Zerstörung und Verzweiflung herrschten auch in der vorwiegend von Kurden bewohnten Stadt Diyarbakir. Teils mit bloßen Händen und unterstützt von Einwohnern suchten die Rettungsmannschaften in den Trümmern eingestürzter Häuser nach Verschütteten. "Sieben Mitglieder meiner Familie sind noch unter den Trümmern", sagte der Überlebende Muhittin Orakci AFP. In den Trümmern eines weiteren Gebäudes wurden laut einer Rettungskraft noch rund 200 Verschüttete vermutet.
Linken-Chefin Janine Wissler erlebte das Beben in Dyarbakir mit. Alle seien auf die Straße gerannt, "überall Menschen, teils nur in Sandalen, bei Minusgraden", sagte sie telefonisch AFP.
In der Provinz Maltaya wurde eine berühmte Moschee aus dem 13. Jahrhundert zerstört. In Gaziantep traf es eine Festung aus der Römerzeit, wie aus Bildern im Internet hervorging.
Erschwert wurden die Rettungsarbeiten durch einen heftigen Wintersturm. Die wichtigsten Flughäfen in der Region mussten wegen der Beben und des Sturms ihren Betrieb einstellen.
Präsident Recep Tayyip Erdogan rief die Türken zum Zusammenhalt auf. Er hoffe, "dass wir diese Katastrophe zusammen so schnell wie möglich und mit möglichst geringen Schäden durchstehen", schrieb Erdogan auf Twitter.
Aus der ganzen Welt trafen Beileidsbekundungen und Hilfsangebote ein, darunter von der EU, Frankreich, Israel, Russland, China, dem Iran, Indien sowie von Ankaras Rivalen Griechenland. Der ukrainische Präsident Wolodymyr Selenskyj sagte Ankara "alle Unterstützung" zu. Außenminister Dmytro Kuleba sprach von der Entsendung einer "großen Zahl von Rettungskräften".
US-Präsident Joe Biden sagte ebenfalls jede notwendige Hilfe zu. Auch Bundeskanzler Olaf Scholz (SPD), Außenministerin Annalena Baerbock (Grüne) und Bundespräsident Frank-Walter Steinmeier sprachen den Opfern ihre Anteilnahme aus und versprachen rasche Hilfe. Bundesinnenministerin Nancy Faeser (SPD) kündigte erste Soforthilfen über das Technische Hilfswerk an.

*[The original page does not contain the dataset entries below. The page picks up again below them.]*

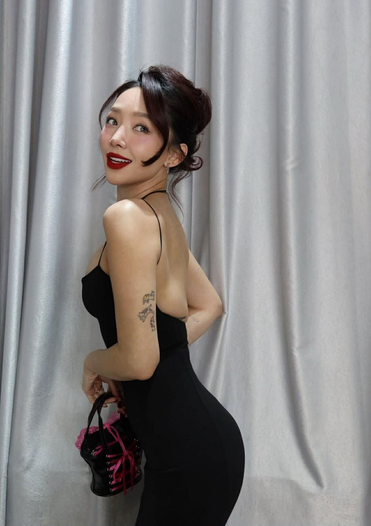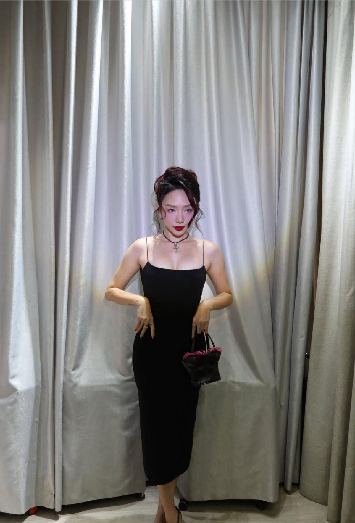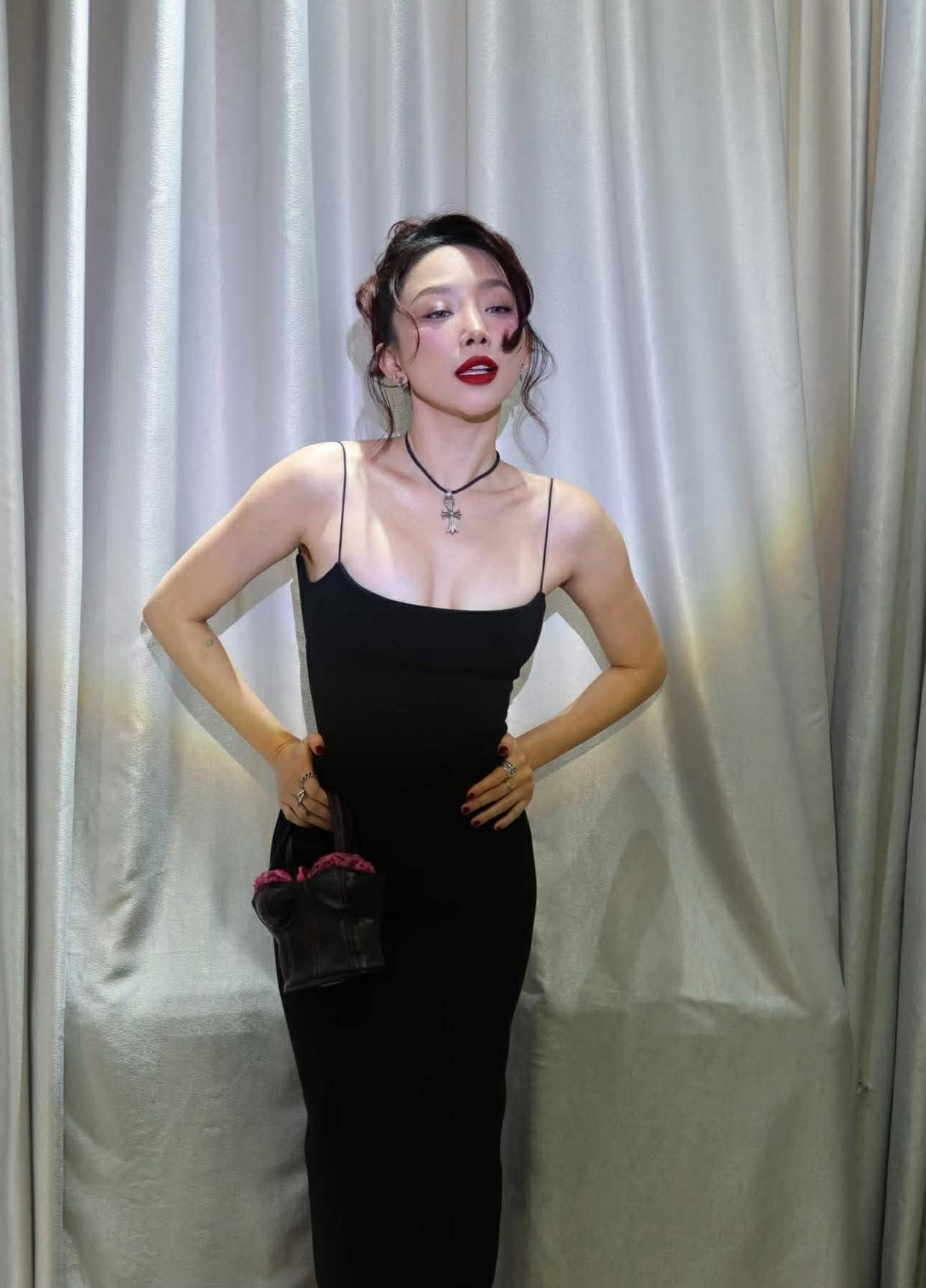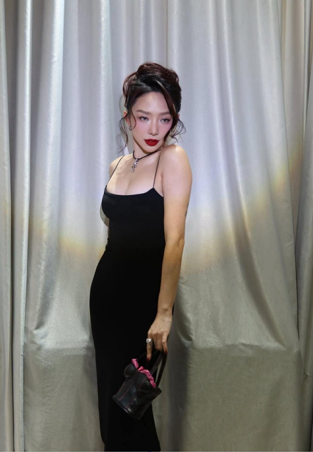 Nữ ca sĩ lựa chọn chiếc đầm đen hai dây có thiết kế hở bạo, khoe bờ vai thon, vòng eo gọn gàng, tấm lưng trần cùng đường cong cơ thể đầy cuốn hút.
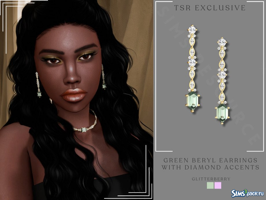 Оригинальное название - Green Beryl Earrings with Diamond Accents.
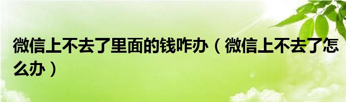 微信上不去了里面的钱咋办(微信上不去了怎么办)
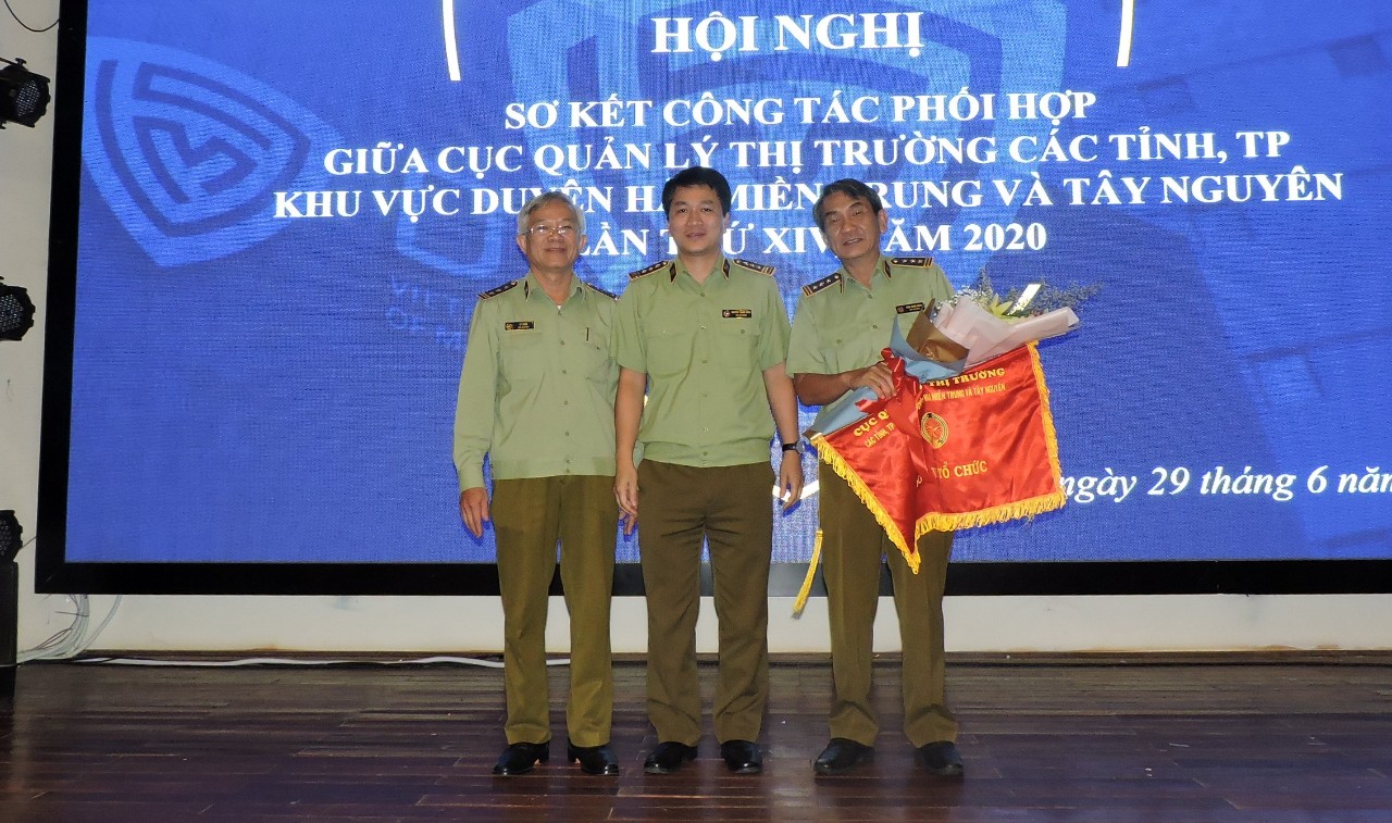 Kết thúc Hội nghị, lãnh đạo Tổng cục QLTT và Cục QLTT Kon Tum đã trao cờ và hoa cho lãnh đạo Cục QLTT Ninh Thuận là đơn vị đăng cai tổ chức Hội nghị Sơ kết Quy chế phối hợp công tác giữa các Cục QLTT khu vực Duyên Hải miền Trung - Tây Nguyên lần thứ XV, năm 2021.

Der britische Experte David Rothery warnte, bereits beschädigte Gebäude könnten durch Nachbeben noch in den kommenden Tagen zusammenstürzen. Dies mache die Rettungsarbeiten besonders gefährlich. Vorsorglich wurde die Gas- und Stromversorgung in der betroffenen türkischen Region gekappt, Schulen wurden für zwei Wochen geschlossen.
Die Türkei liegt in einer der aktivsten Erdbebenregionen der Welt. 1999 waren bei einem Beben der Stärke 7,4 in Düzce im Norden mehr als 17.000 Menschen ums Leben gekommen. Ein Beben der Stärke 7,8 wurde zuletzt 1939 registriert. Damals starben in der östlichen Provinz Erzincan 33.000 Menschen.